Schändung von Stolpersteinen in Weimar: Polizei nimmt Verdächtigen festSchändung von Stolpersteinen in Weimar: Polizei nimmt Verdächtigen fest
33 Stolpersteine wurden in Weimar seit Jahresbeginn beschmiert oder zerstört. Nun fasste die Polizei einen Verdächtigen auf frischer Tat – ein Angriff auf das Gedenken, der in einer Stadt wie Weimar eine besonders bittere Symbolik hat.
In der Nacht zu Dienstag griff die Polizei in Weimar zu: Beamte stellten einen 51-jährigen Mann, als er gerade Plakate der Achava-Festspiele beschmierte. Die Ermittler gehen davon aus, dass er auch für eine Serie von Angriffen auf Stolpersteine verantwortlich ist. Seit Jahresbeginn waren 33 dieser Messingtafeln, die vor Häusern an die Opfer der Schoah erinnern, beschmiert oder zerstört worden. Bei dem Verdächtigen, einem Bürger der Stadt, wurden Beweise sichergestellt. Nach bisherigen Erkenntnissen handelte er allein, er ist nicht polizeibekannt. Dennoch wird wegen politisch motivierter Sachbeschädigung ermittelt.
Angriff auf Erinnerungskultur
Stolpersteine sind keine bloßen Metallplatten im Gehweg. Sie bringen die Namen der Ermordeten zurück an die Orte, wo sie lebten, und holen das Verbrechen des Nationalsozialismus in die Mitte der Gesellschaft. Wer sie schändet, attackiert nicht nur ein Denkmal, sondern die Erinnerung an Millionen von Opfern. In einer Stadt wie Weimar ist das von besonderem Gewicht: Nur wenige Kilometer entfernt liegt das ehemalige Konzentrationslager Buchenwald, in dem Zehntausende Juden, Sinti und Roma, politische Gegner und andere Häftlinge ermordet wurden.

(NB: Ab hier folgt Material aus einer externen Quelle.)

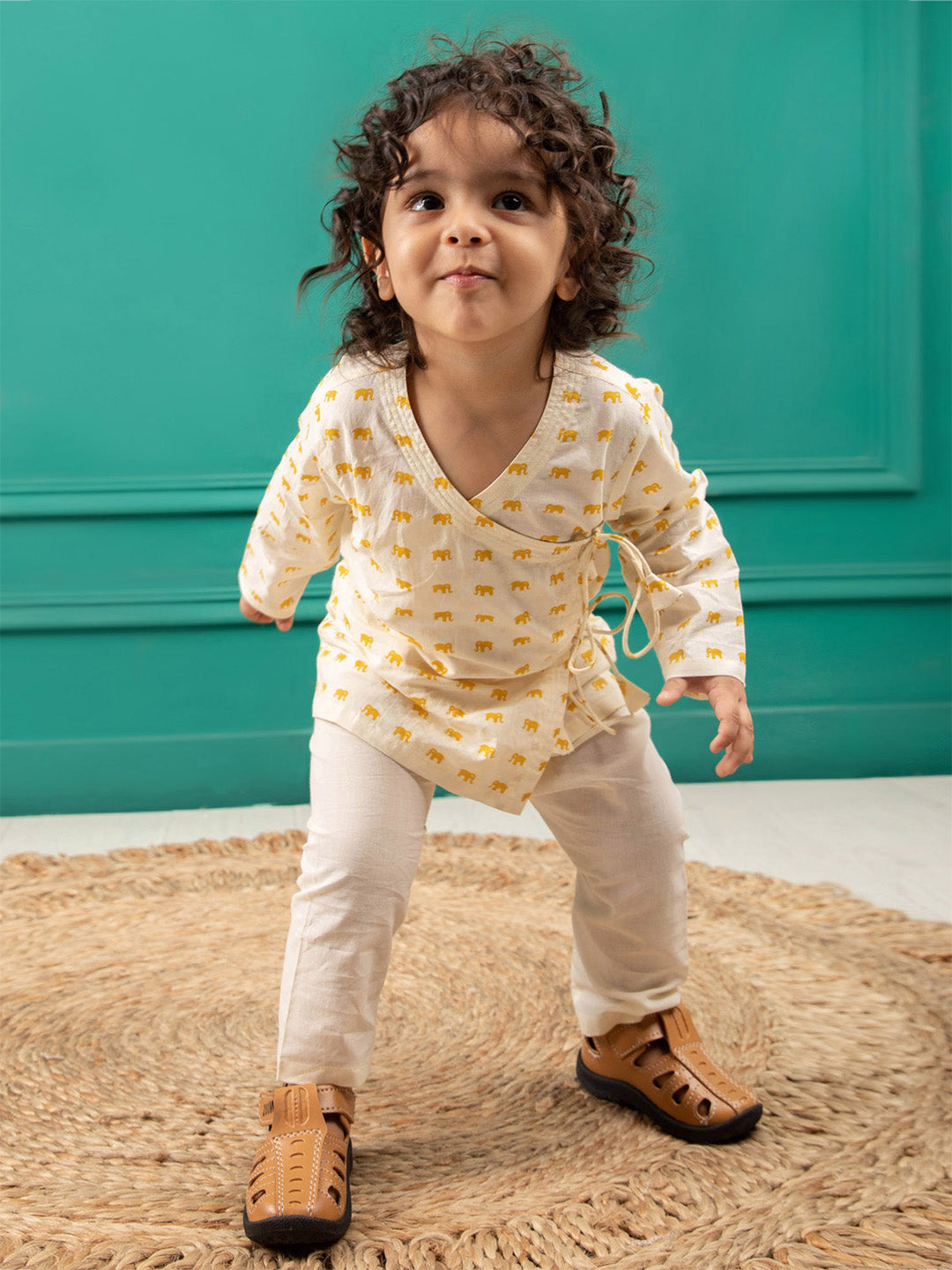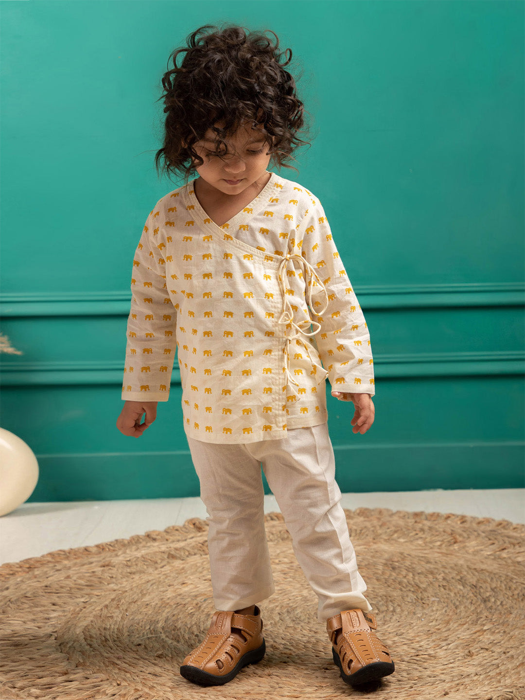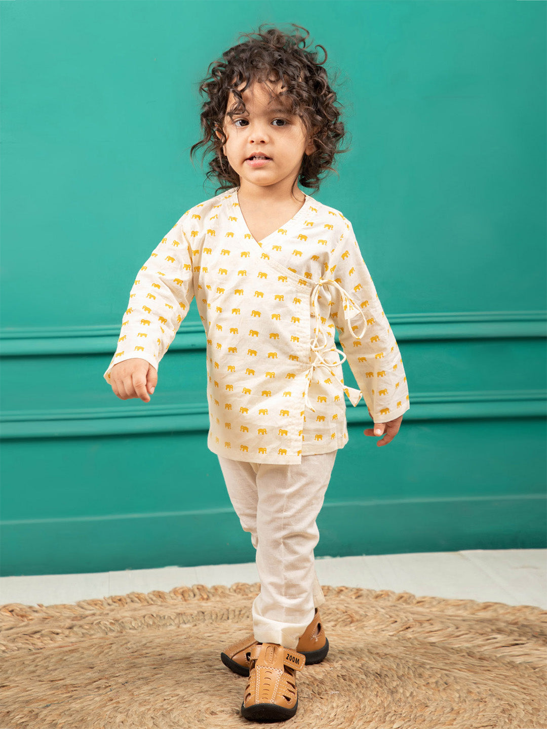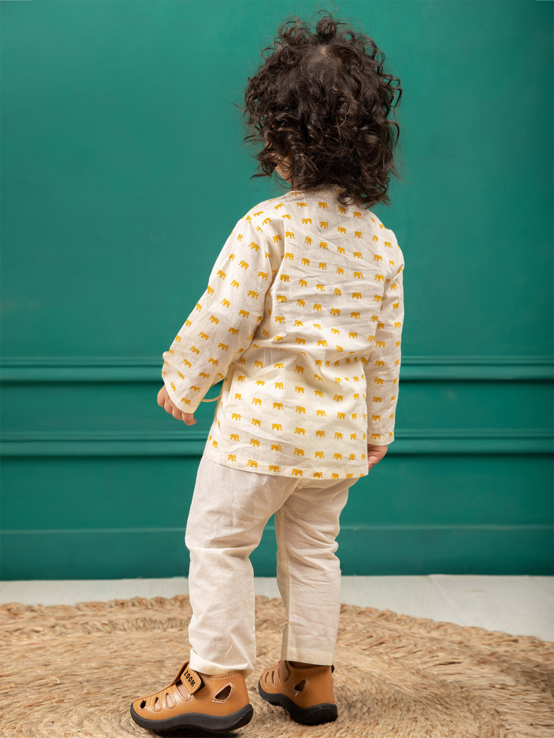 Polka Tots Full Sleeve Elephant Print Front Open Angrakha Kedia Pant Set - Cream
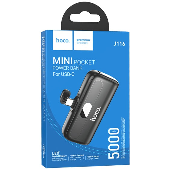 Hoco J116 - Baterie Externa, PowerBank, afisaj digital, conector Lightning, Compact Size, 5000mAh, 5V/2A, Negru
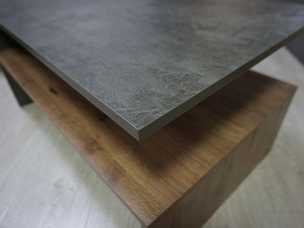 Крышка стола, выполненая в цвете "Камень темный", отлично сочетается с древесным декором основания стола.
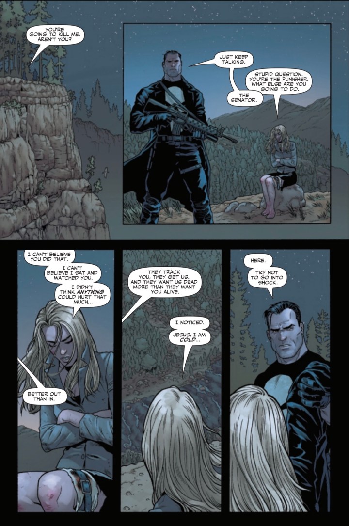 Sorry, I couldn’t resist. If you have no idea what the hell that opening was about, then I guess you haven’t read this issue yet, huh. SHAME! We open our fifth installment in a less than stellar situation if you happen to be the wife (fourth wife?) of a Russian bad guy. Being told that your hubby wants another person dead more than they want you alive has to sting a bit. Just apparently not as much as having a tracer gouged out of your thigh. At least Frank offers her his coat!
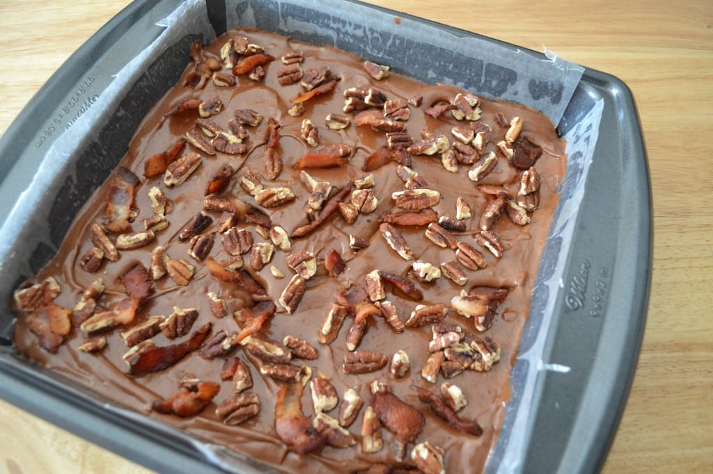 Scrape the batter into the prepared pan and sprinkle the bacon and pecans on top. Bake for about 50 minutes, until the brownies are set around the edges but slightly wobbly in the center; a toothpick inserted into the center should have some batter clinging to it. Transfer the pan to a rack and let the brownies cool completely. Lift the brownies out of the pan using the parchment paper. Cut into squares and serve.
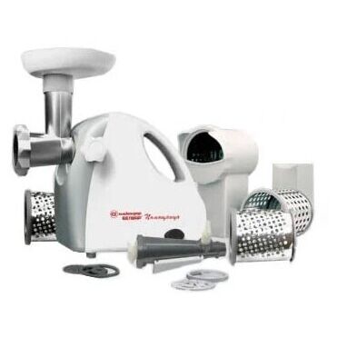 Технические характеристики : Мощность номинальная - 220 Вт (максимальная - 1500 Вт) : Производительность 0.4 кг/мин : Система реверса есть : Насадки : насадка-терка, насадка для нарезки печенья, насадка для шинковки, диск для фарша : Диск для фарша 2 в комплекте : Насадка-терка 3 в комплекте : Соковыжималка шнековая : Насадка для шинковки 1 в комплекте : Особенности : Материал лотка пластик : Материал корпуса пластик : Прорезиненные ножки да : Дополнительная информация : решетка для «бефстроганов» ;
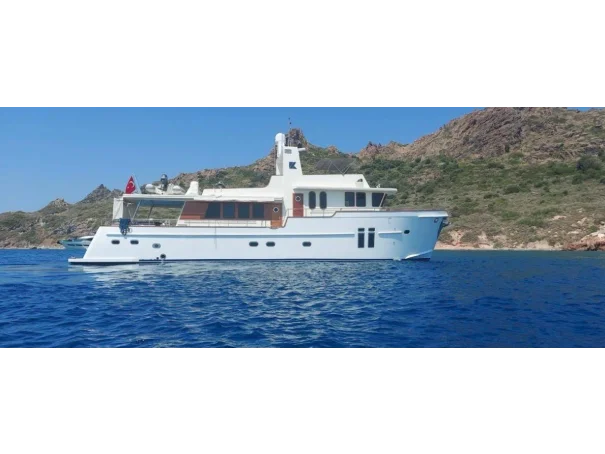 Custom-built 23.3m full displacement trawler designed for long-range cruising. Built in Bodrum with a laminated mahogany hull and designed by K. Erken. Accommodation includes a master cabin and two en-suite guest cabins, plus crew quarters. Powered by twin Caterpillar C12 engines with low engine hours, offering excellent fuel efficiency and a range of up to 1,600 NM. Major refit completed in 2025 including full exterior repaint, mechanical and electrical upgrades, solar panels and lithium batteries. Ready for immediate use.

Dass ausgerechnet hier, in unmittelbarer Nähe zu einem der bekanntesten Orte nationalsozialistischer Barbarei, Stolpersteine mutwillig zerstört werden, ist mehr als ein lokaler Vorfall. Es ist ein Schlag gegen die Erinnerungskultur, die nach 1945 mühsam aufgebaut wurde, und eine Mahnung, dass die Lehren aus der Geschichte nicht selbstverständlich weiterleben.
Weimar zwischen Gedenken und Angriff
Weimar ist nicht nur ein Ort deutscher Klassik und Kultur, sondern auch ein Knotenpunkt des Erinnerns an die dunkelsten Kapitel der Geschichte. Die Achava-Festspiele, deren Plakate der Verdächtige ebenfalls beschmierte, stehen für Dialog und jüdisches Leben in Thüringen. Dass hier nun ein mutmaßlicher Täter über Monate unbehelligt agieren konnte, zeigt, wie verwundbar offene Formen des Gedenkens sind.
Die Botschaft der Stolpersteine lautet: „Hier wohnte ein Mensch.“ Wer sie schändet, verweigert diesen Menschen ihr Andenken und setzt ein Zeichen der Verachtung. In Weimar, mit dem Schatten von Buchenwald stets vor Augen, wiegt dies besonders schwer – und ist ein Weckruf an Politik und Gesellschaft, Antisemitismus in jeder Form entschieden entgegenzutreten.